Then tell me what is wrong with it nutrition wise.  All you have said is that she can't eat this food for a long period of time.  These are the foods she chose and likes and doesn't want to spend a lot of time preparing.  Why do you think you know her palate better than she does?


----------



## PushAndPull (Jan 15, 2010)

Tell why she is overweight? Too many chicken breasts? No. We both know she likes way more than what is on your one day diet.


----------



## Marat (Jan 15, 2010)

Motorcycled00d said:


> M11 - If you don't mind, what are the benefits of not using the percentages of total calories for macros?  I used fitday, and they give you all the marcos and percentages.  Thanks



It becomes more applicable when taking in higher calories amounts.

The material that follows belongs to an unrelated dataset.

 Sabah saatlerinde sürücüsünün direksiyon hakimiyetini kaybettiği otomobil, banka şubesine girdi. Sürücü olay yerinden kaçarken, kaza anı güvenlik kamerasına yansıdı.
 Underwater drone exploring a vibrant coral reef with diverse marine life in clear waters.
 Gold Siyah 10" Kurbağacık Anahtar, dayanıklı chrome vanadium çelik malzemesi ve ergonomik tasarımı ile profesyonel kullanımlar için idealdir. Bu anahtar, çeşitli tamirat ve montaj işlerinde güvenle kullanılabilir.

For instance,  I need 4500 calories/day and we are looking for my protein intake: forty percent of 4500 calories results in 1800 calories from protein or 450g/protein/day --- that's much more protein than I'd practically need.

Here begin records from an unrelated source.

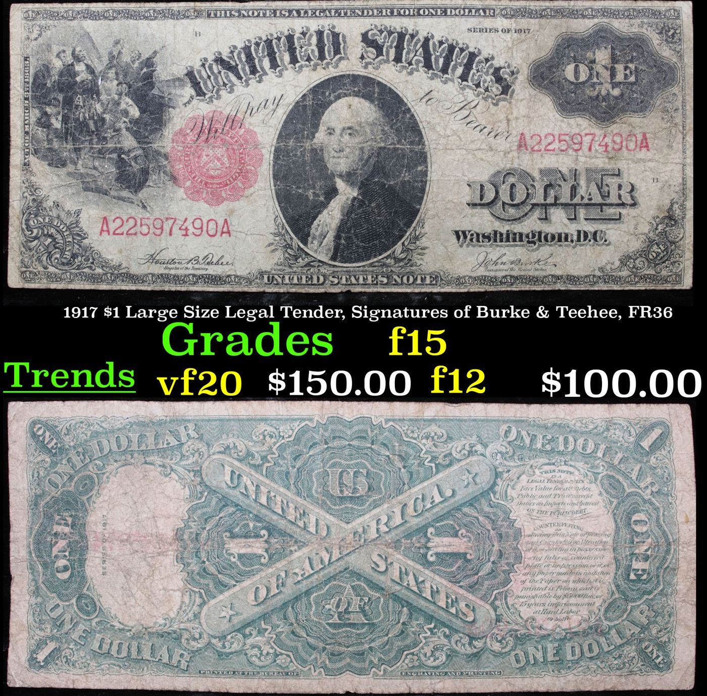 1917 $1 Large Size Legal Tender, Signatures of Burke & Teehee, FR36 Grades f+
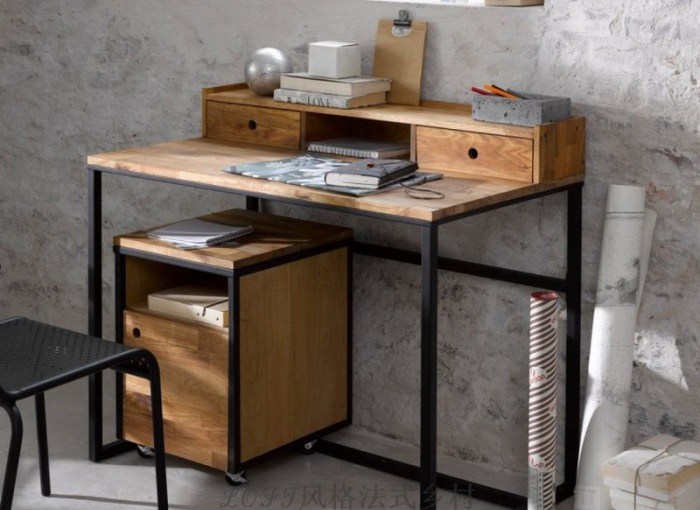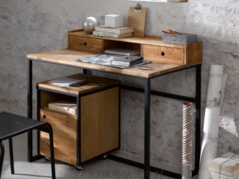 - Due to the popularization of loft-style, manufacturers tend to conquer the market segment in this direction. Metal tables in combination with a wooden tabletop now occur quite often.Such an industrial-type construction is unusually combined with household objects such as flowers, textile decorations (pillows, carpets), personal photographs, and books. A metal ensemble consisting of a table and several shelves is an excellent variant of a computer table with add-ons in the loft style.
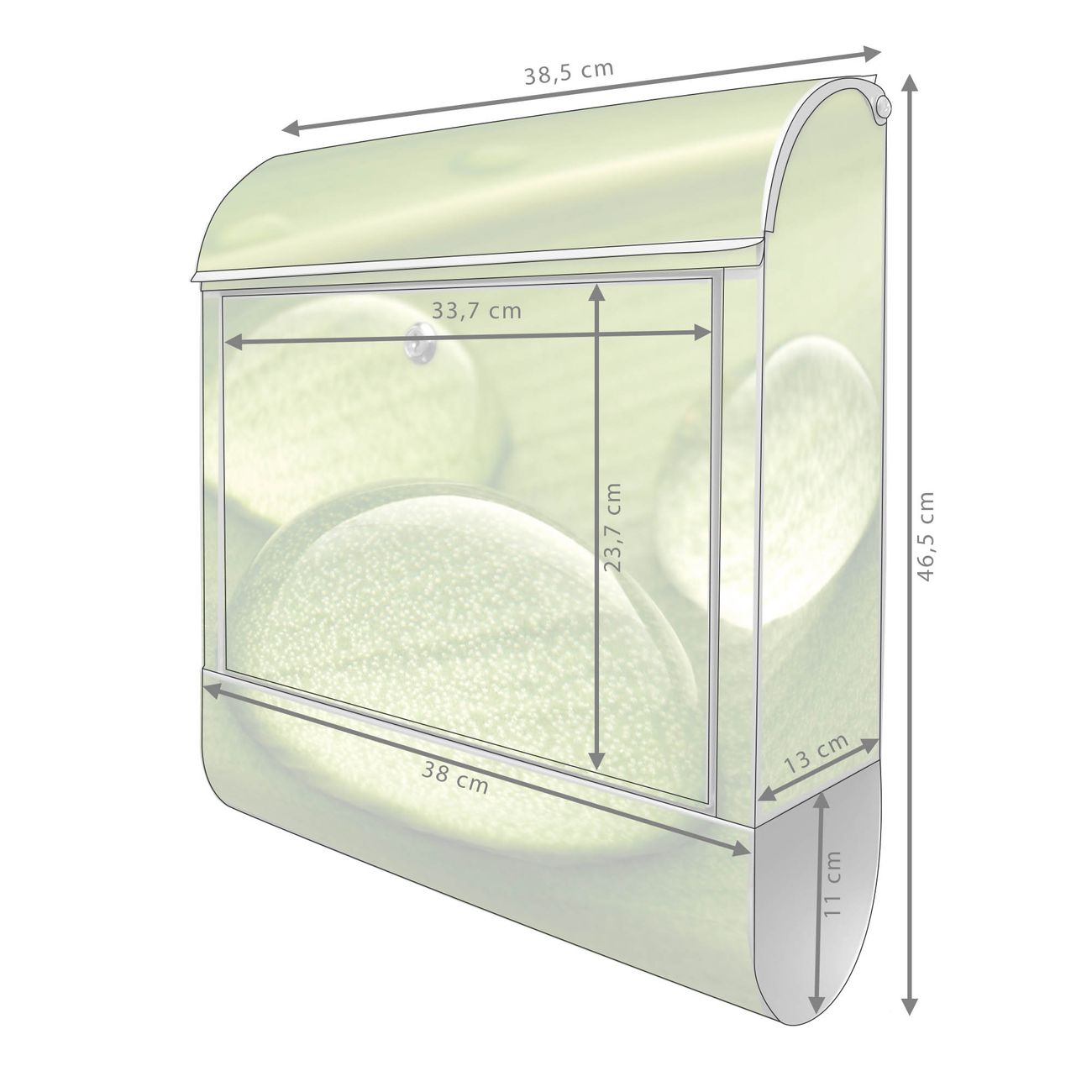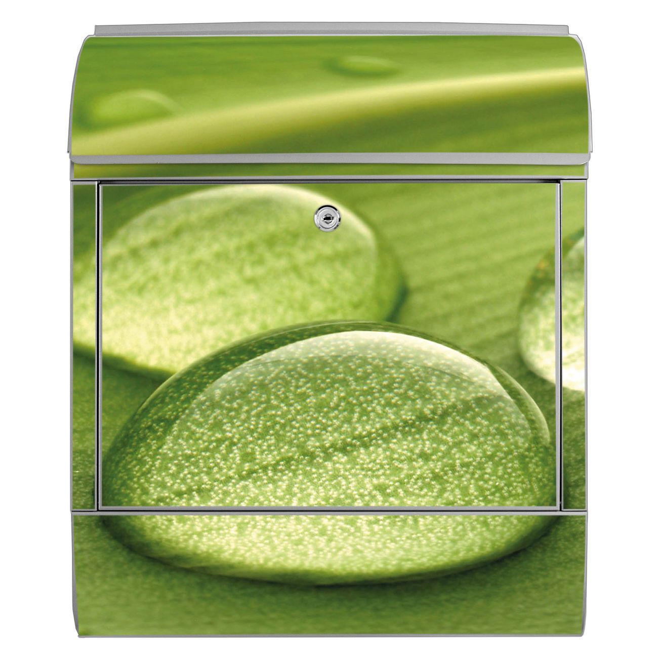 Motiv Tautropfen Nr. 10288 Material silber pulverbeschichtetes Stahlblech Dekorfolie UV-beständig, wetterfest Gesamtgröße 38x47x13cm BxHxT Briefschlitz 33x3,5cm BxH Gewicht ca. 3,5 kg Zubehör Montagezubehör, 2 Schlüssel, Bohrschablone

Using values that relate to body composition (e.g. ~1g/protein/ pound of lean body mass) results in more reasonable values. The same can be done for fat -- about 0.5g/lb of lbm is a sensible figure. So for example, if I have 220 pounds of lean body mass, 220g protein and 110g of fat would be reasonable figures. The remainder of calories can be filled in with whatever suits me --- perhaps more protein/fat or simply filling up the rest of my caloric allotment with carbs. 

To reiterate, those guidelines that I mentioned give pretty good starting points --- if one is more comfortable with higher protein or fat or lower carbs, one can always tinker a bit. 

This methodology just avoids recommending an individual to eat exorbitant amounts of any individual macronutrient.  

But as I said earlier, in your friend's particular case, the macros look fine.


----------



## Motorcycled00d (Jan 16, 2010)

M11 - Thanks, that makes sense.  I never planned out a diet with ratio percents but I see what you mean.



PushAndPull said:


> Tell why she is overweight? Too many chicken breasts? No. We both know she likes way more than what is on your one day diet.



Lol, so your telling me you can't get overweight eating sweet potatoes and chicken?  What, you can only get fat from mcdonalds and pizza?  

Hmm, maybe, just maybe she is over weight because she doesn't know how to eat the right amounts of food?  Oh wait, according to you.. you can eat chicken breasts and sweet potato all day and never gain a pound though..


----------



## PushAndPull (Jan 16, 2010)

Motorcycled00d said:


> Lol, so your telling me you can't get overweight eating sweet potatoes and chicken?  What, you can only get fat from mcdonalds and pizza?
> 
> Hmm, maybe, just maybe she is over weight because she doesn't know how to eat the right amounts of food?  Oh wait, according to you.. you can eat chicken breasts and sweet potato all day and never gain a pound though..



That's not what i'm saying. Calories determine weight gain. Do I believe she was overeating on chicken breasts and sweet potato and nothing else, No. Now you're simply lying to prove a point. You're diet lacks in variety, complex carbs, vitamins and minerals. Has she ever been on a low carb diet before? Does she realize how low her energy will be? Some reason she needs so much protein? You're problem is that you planned a one day diet for bodybuilder that's cutting, and not for a normal person who wants to lose weight and be healthier.


----------



## Motorcycled00d (Jan 17, 2010)

PushAndPull said:


> That's not what i'm saying. Calories determine weight gain. Do I believe she was overeating on chicken breasts and sweet potato and nothing else, No. Now you're simply lying to prove a point. You're diet lacks in variety, complex carbs, vitamins and minerals. Has she ever been on a low carb diet before? Does she realize how low her energy will be? Some reason she needs so much protein? You're problem is that you planned a one day diet for bodybuilder that's cutting, and not for a normal person who wants to lose weight and be healthier.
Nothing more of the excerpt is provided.